The compound according to claim 2, or a pharmaceutically acceptable salt thereof or a conjugate thereof. When X is N, R ¹ is H or alkyl or cycloalkyl optionally substituted with a single substituent;
When j is 1, ^{R 3} is alkyl,
l and m are 0;
The compound according to claim 3, wherein Ar ¹ is unsubstituted phenyl, or a pharmaceutically acceptable salt thereof, or a conjugate thereof. Formula (3)

The compound according to claim 2, or a pharmaceutically acceptable salt thereof or a conjugate thereof. When X is N, R ¹ is H or alkyl or cycloalkyl optionally substituted with a single substituent;
when j is 1, R ³ is alkyl;
l and m are 0;
Ar ¹ is an unsubstituted phenyl,
6. The compound according to claim 5, wherein one n is 1, the other is 2, or both n are 1, or a pharmaceutically acceptable salt thereof or a conjugate thereof. Formula (4) or (5)

Or

A compound which is
In which X and Y are as defined in claim 1;
Z is H or alkyl, Ar ¹ , Ar ² , R ^{1 to} R ⁴ , and j to n are as defined in claim 1, or a pharmaceutically acceptable salt thereof. Salt or conjugate thereof. Formula (4)

The compound according to claim 7, or a pharmaceutically acceptable salt thereof, or a conjugate thereof. X is N or CH, one R ¹ is alkyl, alkoxy, cycloalkyl, alkyloxyalkyloxy or an oxidized 5-membered ring, the other R ¹ is H or alkyl,
Ar ¹ is a monovalent thiophene,
when j is 1, R ³ is methyl;
One n is 1 and the other n is 2, or both n are equal to 1,
The compound according to claim 8, wherein Y is = O or CHCN, or a pharmaceutically acceptable salt thereof, or a conjugate thereof. Formula (5)

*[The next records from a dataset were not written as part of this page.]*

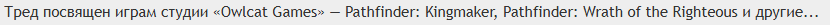 >>50670500 (OP) >Тред посвящен играм студии «Owlcat Games» — Pathfinder: Kingmaker, Pathfinder: Wrath of the Righteous и другие... >и другие... Пфг-брату новую методичку спустили?
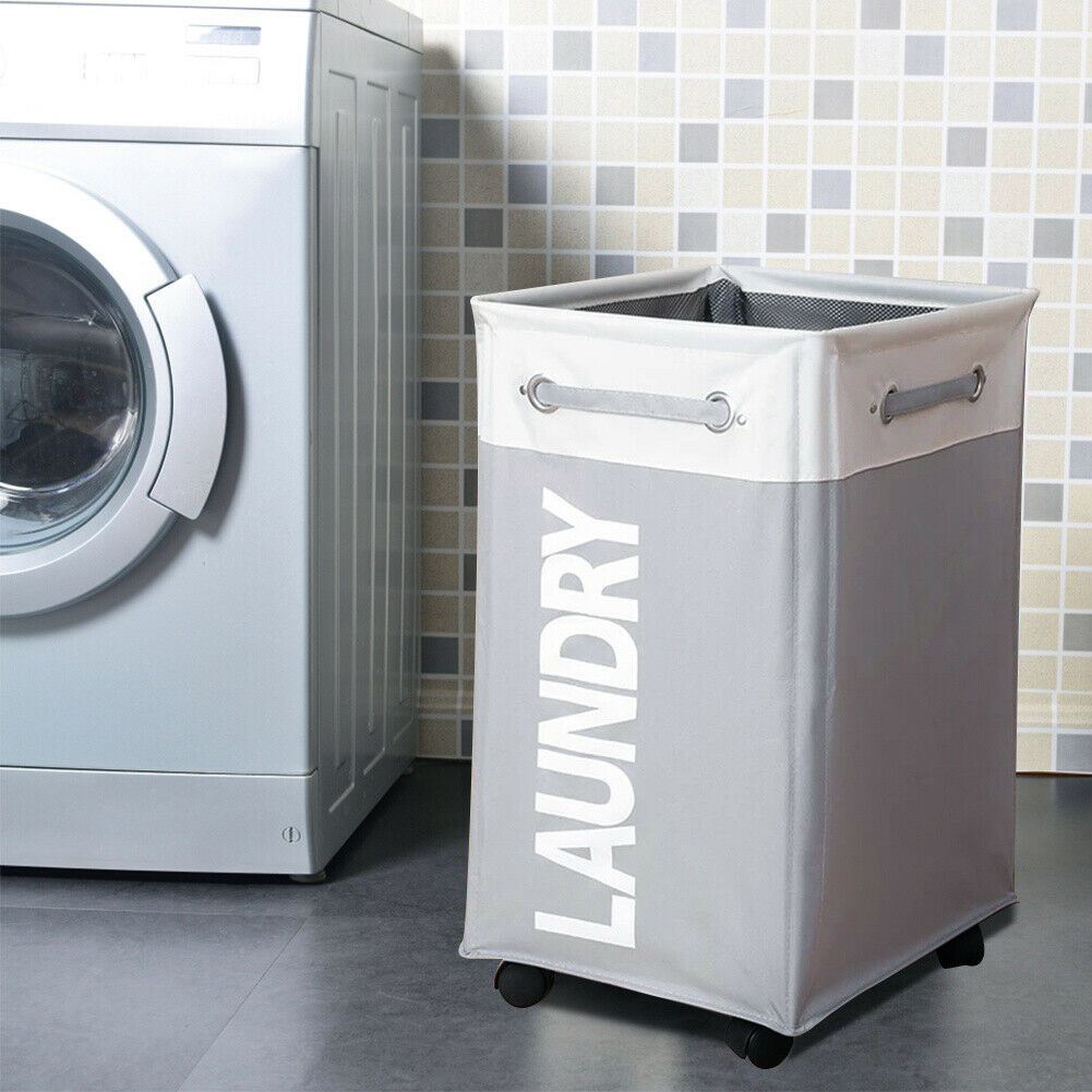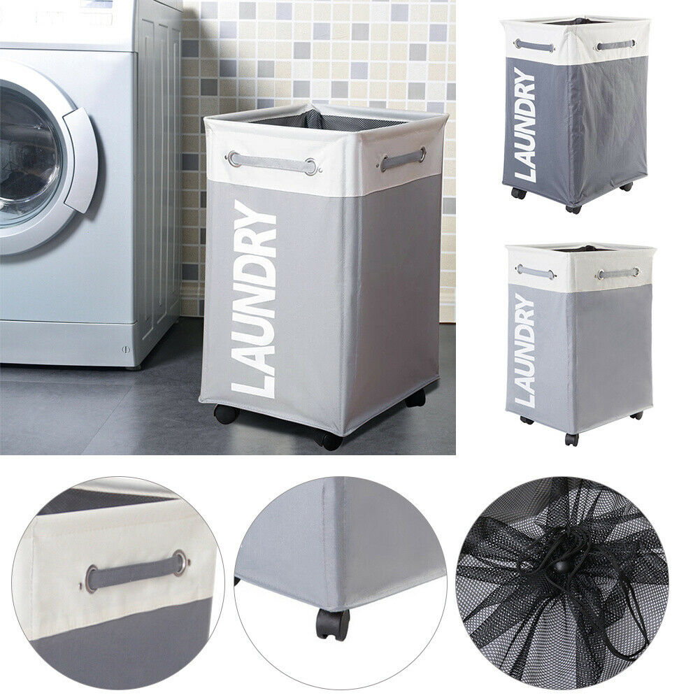 Folding Large Rolling Laundry Basket with Wheel Dirty Clothes Hamper Storage Bin
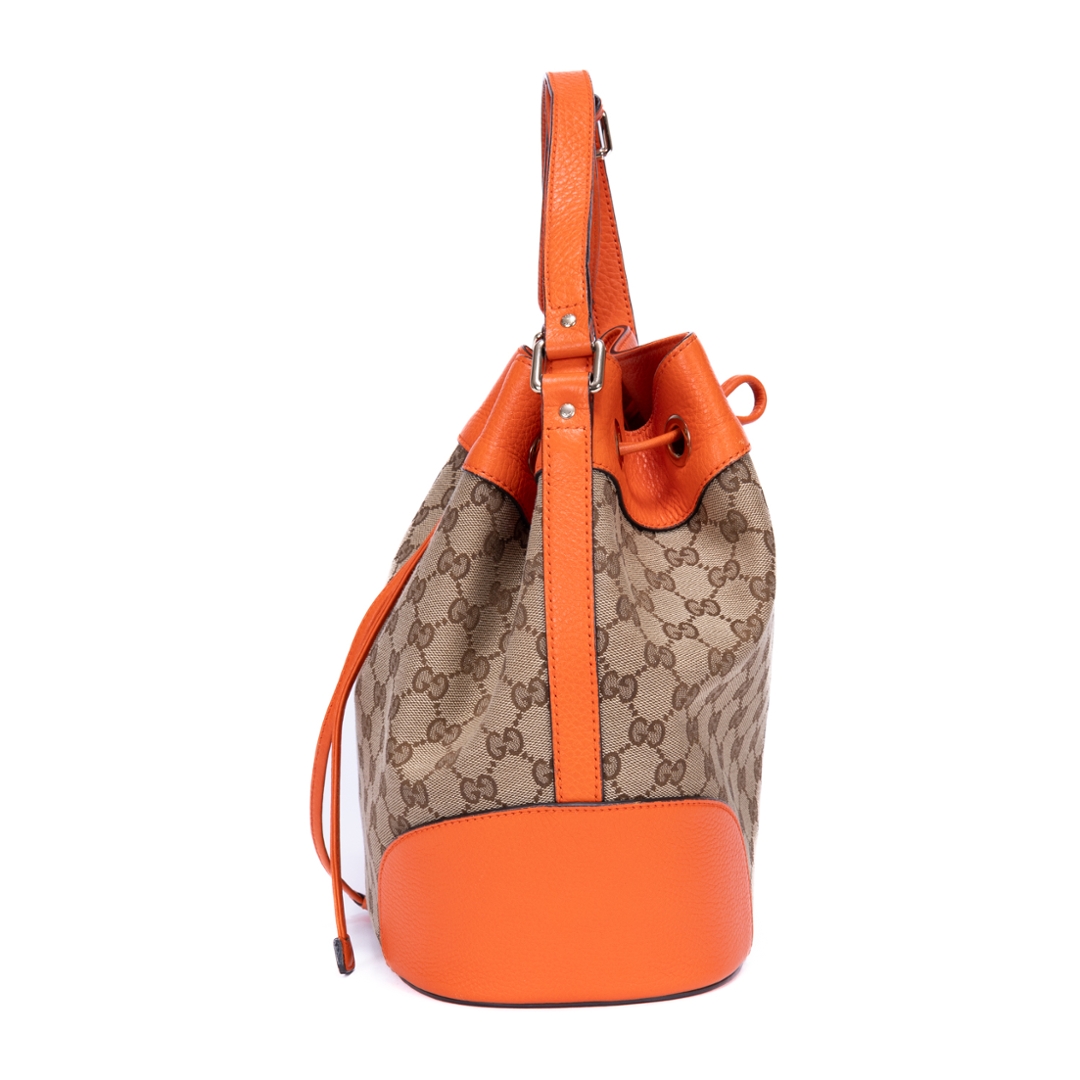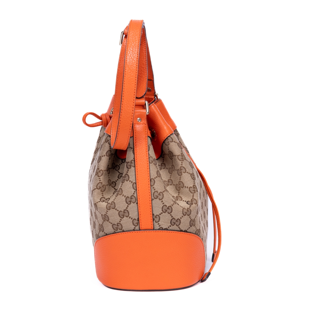A vintage Gucci beige and orange calf leather Bucket Trim bag, showcasing the house’s iconic GG monogram canvas paired with bold orange leather accents. The softly structured bucket silhouette is enhanced by smooth leather trim and clean lines, creating a striking contrast that highlights its signature Gucci aesthetic. Finished with subtle hardware detailing, the design balances heritage style with a modern edge.

The compound according to claim 7, or a pharmaceutically acceptable salt thereof, or a conjugate thereof. When X is N or CH, one R ¹ is alkyl, alkoxy, cycloalkyl, alkyloxyalkyloxy or an oxidized 5-membered ring, the other R ¹ is H or alkyl,
Ar1 is a monovalent thiophene,
when j is 1, R ³ is methyl;
The compound according to claim 10, or a pharmaceutically acceptable salt thereof, or a conjugate thereof, wherein Y is ═O or CHCN.   The compound of Claim 1 which is Formula (1)-(31) of Table 1.   A pharmaceutical composition comprising a compound according to any of claims 1 to 12 and at least one pharmaceutically acceptable carrier.   Use of a compound according to any of claims 1 to 12 for the preparation of a medicament for use in a method for treating a condition modulated by a CCR5 receptor.   2. Use according to claim 1, wherein the condition is HIV.